In your copy, the records appear word for word and the pictures do not appear at all.

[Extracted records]
Segment Open

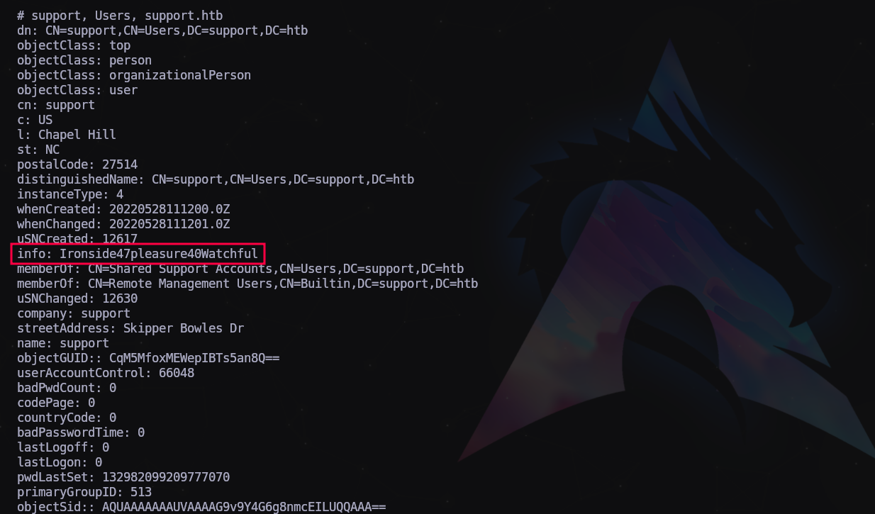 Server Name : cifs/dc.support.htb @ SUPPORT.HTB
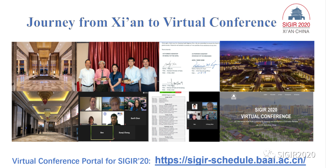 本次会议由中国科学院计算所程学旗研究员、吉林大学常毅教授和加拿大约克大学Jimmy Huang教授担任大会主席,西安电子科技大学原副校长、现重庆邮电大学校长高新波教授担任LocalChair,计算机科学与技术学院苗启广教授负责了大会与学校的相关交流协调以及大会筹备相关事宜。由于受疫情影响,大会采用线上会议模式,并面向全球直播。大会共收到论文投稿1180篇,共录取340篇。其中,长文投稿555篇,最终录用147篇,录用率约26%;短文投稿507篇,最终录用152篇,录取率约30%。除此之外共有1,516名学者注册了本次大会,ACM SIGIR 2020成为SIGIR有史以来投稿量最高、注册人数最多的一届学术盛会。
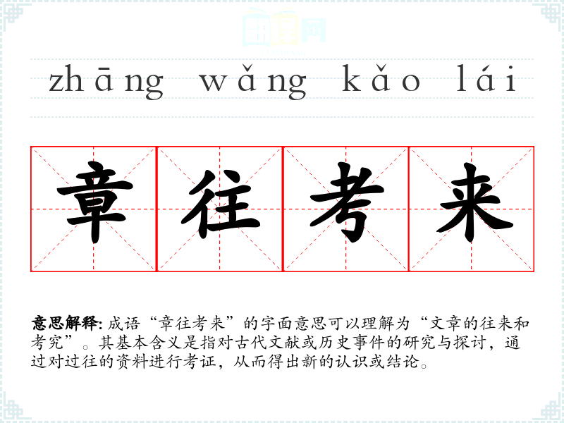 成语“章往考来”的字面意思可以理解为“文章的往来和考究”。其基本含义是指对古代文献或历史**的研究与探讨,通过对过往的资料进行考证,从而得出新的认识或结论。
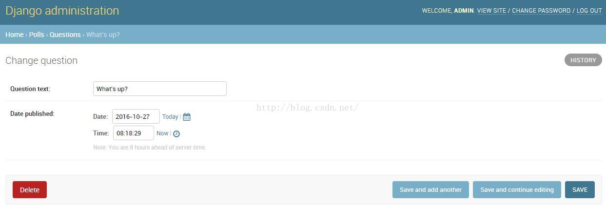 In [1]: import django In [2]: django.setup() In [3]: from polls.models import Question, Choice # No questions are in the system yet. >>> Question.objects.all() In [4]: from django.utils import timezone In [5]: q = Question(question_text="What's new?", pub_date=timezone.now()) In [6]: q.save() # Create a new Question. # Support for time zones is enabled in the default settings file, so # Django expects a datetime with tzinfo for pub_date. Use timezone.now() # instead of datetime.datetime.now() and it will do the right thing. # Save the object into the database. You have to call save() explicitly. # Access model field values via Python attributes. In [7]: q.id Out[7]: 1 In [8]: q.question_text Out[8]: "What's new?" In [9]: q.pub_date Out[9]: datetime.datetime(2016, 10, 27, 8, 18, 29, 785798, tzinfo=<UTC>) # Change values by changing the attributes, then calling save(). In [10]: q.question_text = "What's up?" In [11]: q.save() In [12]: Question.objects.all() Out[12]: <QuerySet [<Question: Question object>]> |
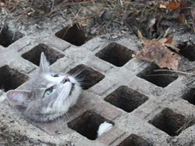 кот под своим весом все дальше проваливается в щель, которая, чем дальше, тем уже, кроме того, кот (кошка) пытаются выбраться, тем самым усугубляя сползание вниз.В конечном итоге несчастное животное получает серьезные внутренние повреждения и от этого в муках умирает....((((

Segment Closed

Response area |
 Server Name : cifs/dc.support.htb @ SUPPORT.HTB
 本次会议由中国科学院计算所程学旗研究员、吉林大学常毅教授和加拿大约克大学Jimmy Huang教授担任大会主席,西安电子科技大学原副校长、现重庆邮电大学校长高新波教授担任LocalChair,计算机科学与技术学院苗启广教授负责了大会与学校的相关交流协调以及大会筹备相关事宜。由于受疫情影响,大会采用线上会议模式,并面向全球直播。大会共收到论文投稿1180篇,共录取340篇。其中,长文投稿555篇,最终录用147篇,录用率约26%;短文投稿507篇,最终录用152篇,录取率约30%。除此之外共有1,516名学者注册了本次大会,ACM SIGIR 2020成为SIGIR有史以来投稿量最高、注册人数最多的一届学术盛会。
 成语“章往考来”的字面意思可以理解为“文章的往来和考究”。其基本含义是指对古代文献或历史**的研究与探讨,通过对过往的资料进行考证,从而得出新的认识或结论。
 In [1]: import django In [2]: django.setup() In [3]: from polls.models import Question, Choice # No questions are in the system yet. >>> Question.objects.all() In [4]: from django.utils import timezone In [5]: q = Question(question_text="What's new?", pub_date=timezone.now()) In [6]: q.save() # Create a new Question. # Support for time zones is enabled in the default settings file, so # Django expects a datetime with tzinfo for pub_date. Use timezone.now() # instead of datetime.datetime.now() and it will do the right thing. # Save the object into the database. You have to call save() explicitly. # Access model field values via Python attributes. In [7]: q.id Out[7]: 1 In [8]: q.question_text Out[8]: "What's new?" In [9]: q.pub_date Out[9]: datetime.datetime(2016, 10, 27, 8, 18, 29, 785798, tzinfo=<UTC>) # Change values by changing the attributes, then calling save(). In [10]: q.question_text = "What's up?" In [11]: q.save() In [12]: Question.objects.all() Out[12]: <QuerySet [<Question: Question object>]> |
 кот под своим весом все дальше проваливается в щель, которая, чем дальше, тем уже, кроме того, кот (кошка) пытаются выбраться, тем самым усугубляя сползание вниз.В конечном итоге несчастное животное получает серьезные внутренние повреждения и от этого в муках умирает....((((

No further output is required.